Kann Europa, das den Nordamerikanern viel verdankt, diesem Amerika heute folgen? Es kann es nicht! Im "Ego-trip", gestachelt von neuem Glauben "in Dollar we trust" wird unbekümmert von Not und Mühe der Inselvölker, die im Meer versinken, anderer deren Land verdorrt, deren Hütten der Sturm fortbläst ... die im japanischen Kyoto einander zu helfen gelobten ... verderbliches Klima angeheizt. US-Bürger gelten als zu hoch über anderen Völkern, als daß ein Weltgerichtshof von ihnen Rechenschaft verlangen könnte. Hier folgen heißt nicht nur sich unterwerfen, es bedeutet auch den Weg zur Katastrophe nehmen. ''Ich werde nicht den Fehler begehen, einen Gegner langdauernd zu reizen, ohne ihn entweder zu vernichten oder auszusöhnen" ist ein Wort Hitlers. Zuletzt beging Hitler diesen Fehler doch, England gegenüber. Seit einiger Zeit - nicht erst seit dem 11.9.01.- begehen die USA einen solchen Fehler gegenüber dem Weltislam. Nicht erst seit dem 11.9.01. wächst die Zahl der Muslime - besonders in der Jugend - die sich in ihrem Glauben vom Westen, angeführt vom "großen Satan USA", existentiell bedroht fühlen. Solche Bedrohungsängste mag man als überzogen sehen, sie existieren, wachsen im Sog vordringenden Dollars und wirken sich aus. Die nationalsozialistische Katastrophe kam aus Demütigung des revolutionären unbezwungenen Deutschlands durch die Entente in Versailles. Heute droht ein Super-Versailles, folgt Europa dem amerikanischen Abenteuer einer neuen "Weltordnung des Dollars" gegenüber der islamischen und dritten Welt.

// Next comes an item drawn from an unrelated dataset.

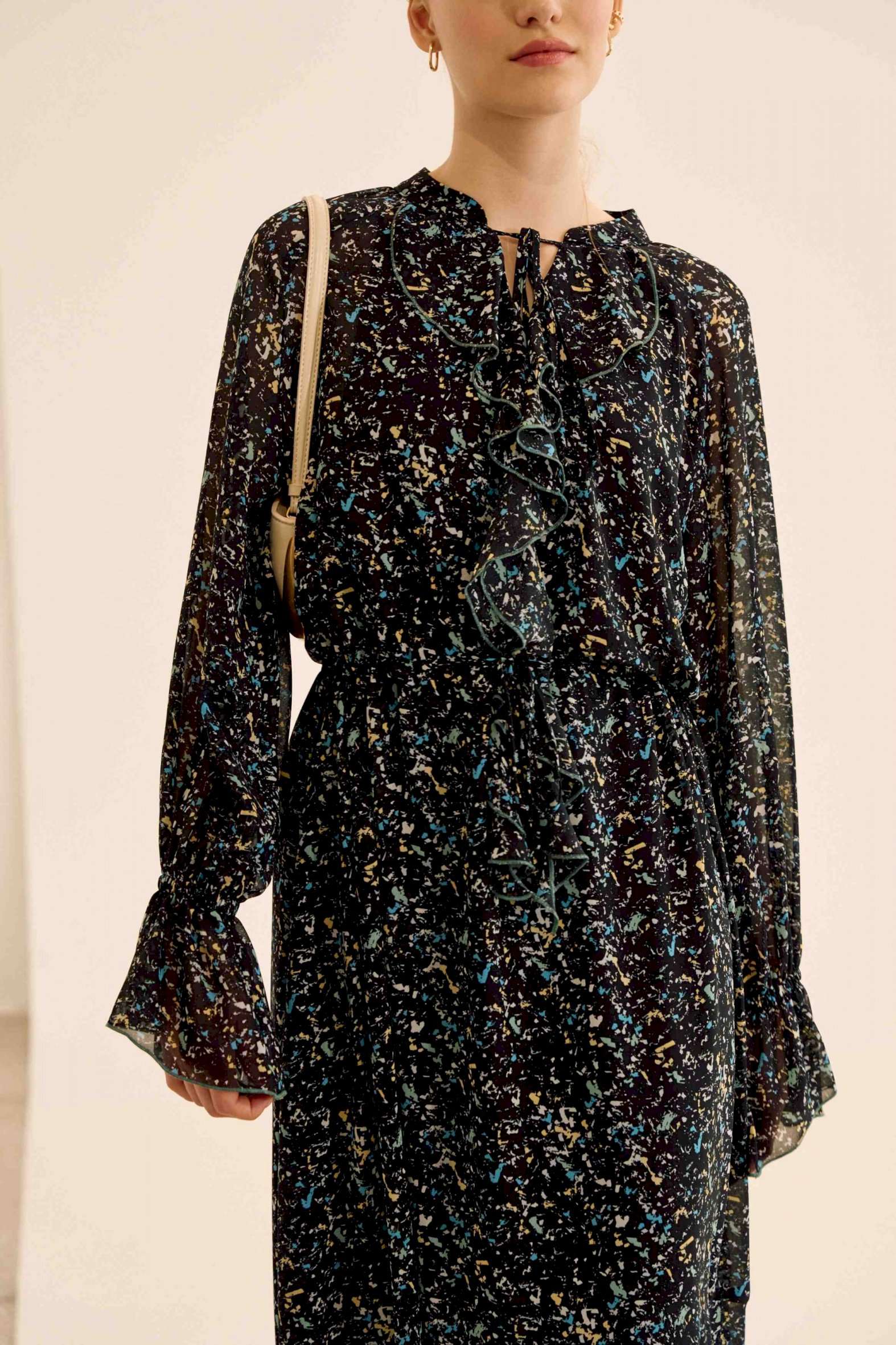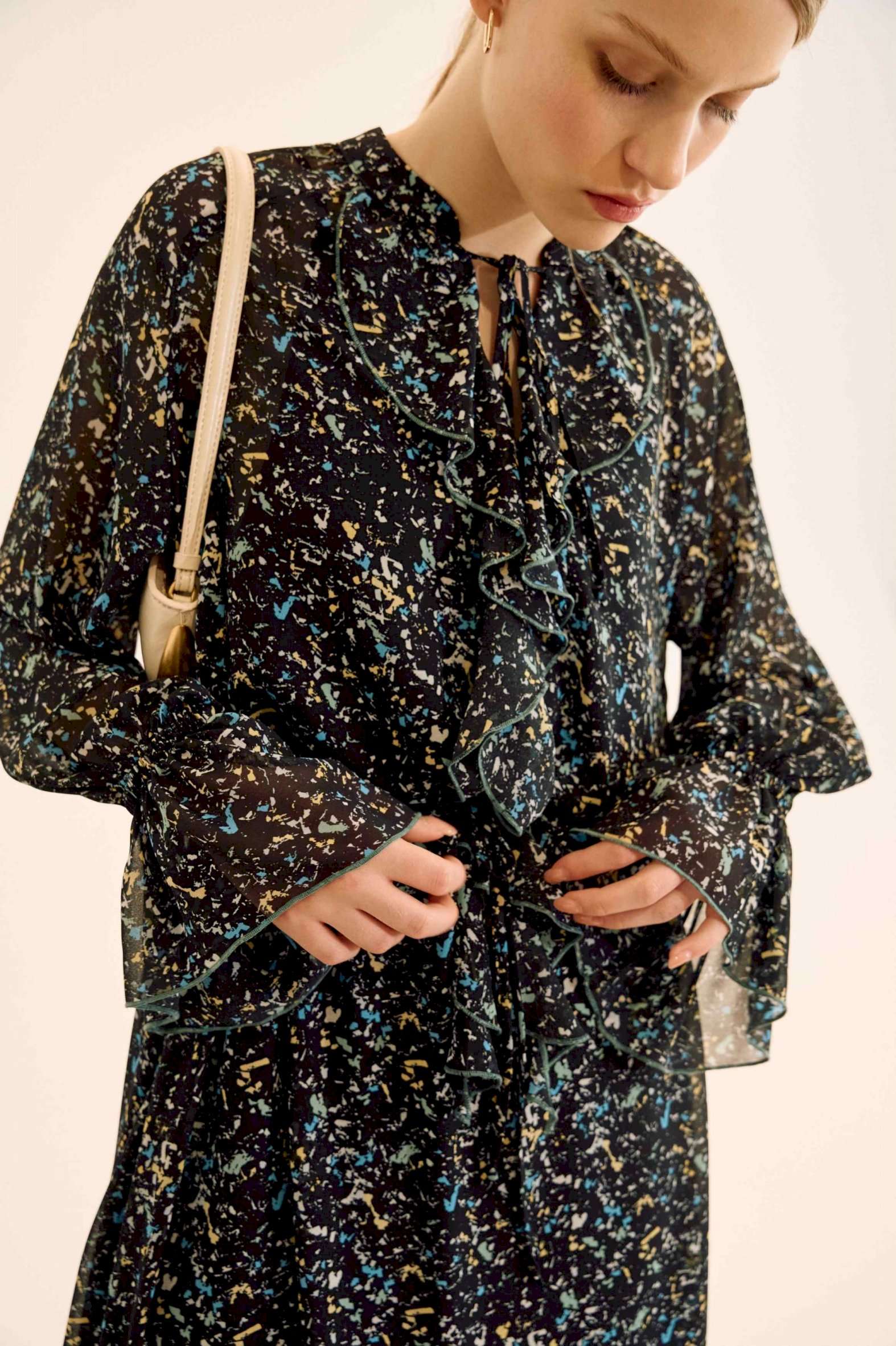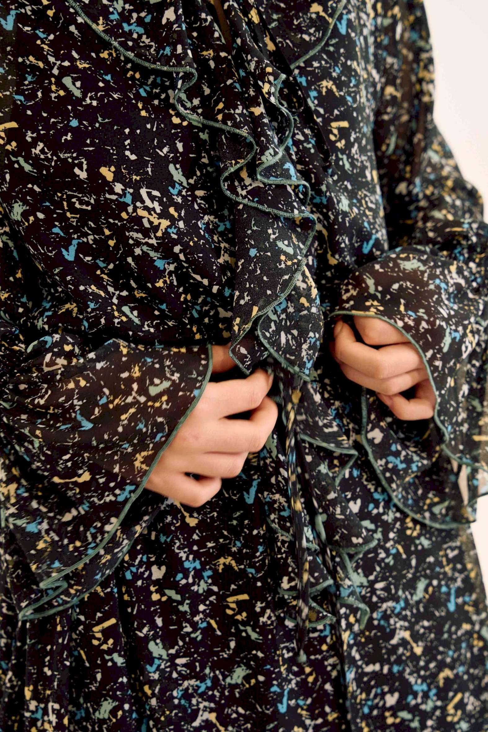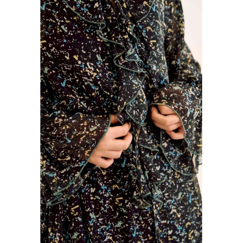 Платье свободного кроя, выполнено из шифона. Рукав длинный реглан, по низу рукава резинка. Глубокий V-образный вырез горловины, в который вставлена рюша, по горловине стойка на завязку, по середине выреза застежка на навесной потайной крючок. По линии талии по переду и спинке кулиса на завязку, по низу платья притачной волан. В комплект входит платье-комбинация из трикотажной подкладки на бретелях. Платье: Длина по спинке от высшей точки горловины: 138 см Длина рукава от горловины: 71 см ОГ: 118-122-126-130-134 см (размер 44-46-48-50-52) ОТ: 124-128-132-136-140 см (размер 44-46-48-50-52) Платье-комбинация: Длина изделия: 96 см ОГ: 94-98-102-106-110 см (размер 44-46-48-50-52) ОТ: 98-102-106-110-114 см (размер 44-46-48-50-52) ОБ: 108-112-116-120-124 см (размер 44-46-48-50-52)
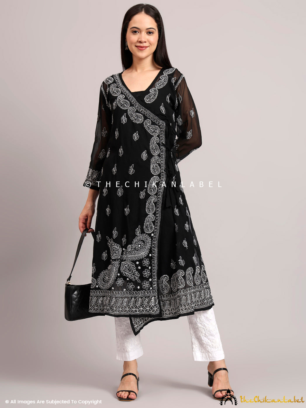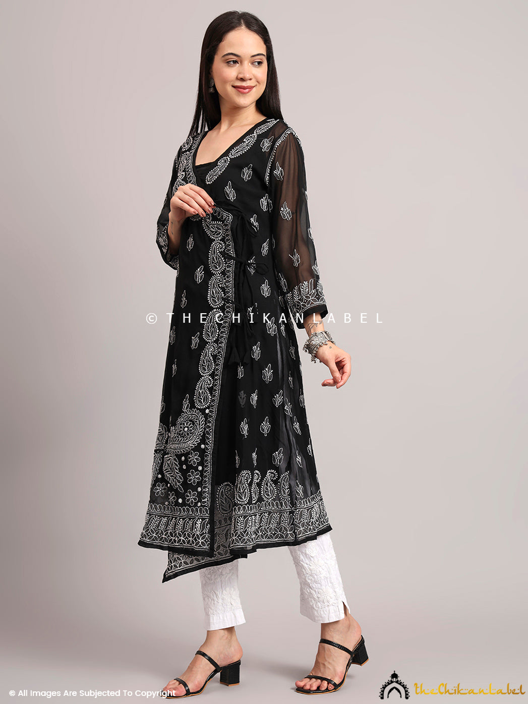 A10: This kurta features an asymmetric Angrakha wrap hem with a side-tie design, offering a graceful drape and stylish movement.

Das Unglück der europäischen Glaubensspaltung, welche die düstere heutige Weltsituation mit bewirkte, nahm einen Ausgang von Martin Luthers Bereitschaft, seine persönliche Auffassung nicht nur über den Papst, sondern auch über ein Konzil zu stellen. Gewiss, auch ein Konzil kann irren, wie Luther dem Dr. Eck entgegenhielt, aber der Einzelne eben auch und eben eher, wird er nicht unter Gleichrangigen zuvor im Dialog gestellt. Ging es um existentielle Fragen, half damals ein Konzil, heute der Rat der Nationen. Sich einfach darüber hinwegsetzen, war einst Luthers Fehltritt, heute kann es der des Präsidenten sein. Was geschah zu Luthers Zeit? Eifrig stürzten sich Landesfürsten auf der geschwächten Kirche Güter ... das droht auch heute und schon stehen Kapitalfürsten in den Startlöchern den Raub zu teilen, wenn eine geschwächte UNO nicht mehr Schutz gewähren kann. Damals Land und Leute, heute Öl und Bodenschatz, eines so mies wie das andere!

Wie die UNO stärken? Appelle geistlicher Würdenträger, auch aus den Reihen des Islam, reichen nicht. Den Kirchen selbst steht schmerzliches Besinnen in ihr Haus. Paulus wie Mohammed schützten Reichtum, begnügten sich die "Herren" zu guten Werken und zu milden Gaben anzuhalten. Man hüte sich zu tadeln, was die Zeit erzwang, doch heute sind die Karten neu gemischt und das sollte nicht verschlafen werden. Paulus wie Mohammed, die Christentum wie Islam das Gepräge gaben, wurden in der entscheidenden Frage ihrem Vorgänger aus Nazareth eben nicht gerecht, von dem wir das Wort haben "eher gehe ein Kamel durch ein Nadelöhr" - ein enger Durchlass für Schafe - "als ein Reicher ins Himmelreich" und die Mahnung an den bildungshungrigen reichen Jüngling, daß sein Reichtum geistiges Wachstum erschwere.

Der Wind hat sich gedreht, Paulus wie Mohammeds große Zeit sind abgelaufen, nicht die des Boten aus Nazareth. Das steht Kirche, Synagoge und Moschee ins Haus, hier auch öffnet sich Europas eigener Weg. Nicht ein Weg in Armut ist es, doch eine Abkehr von der Droge Geld.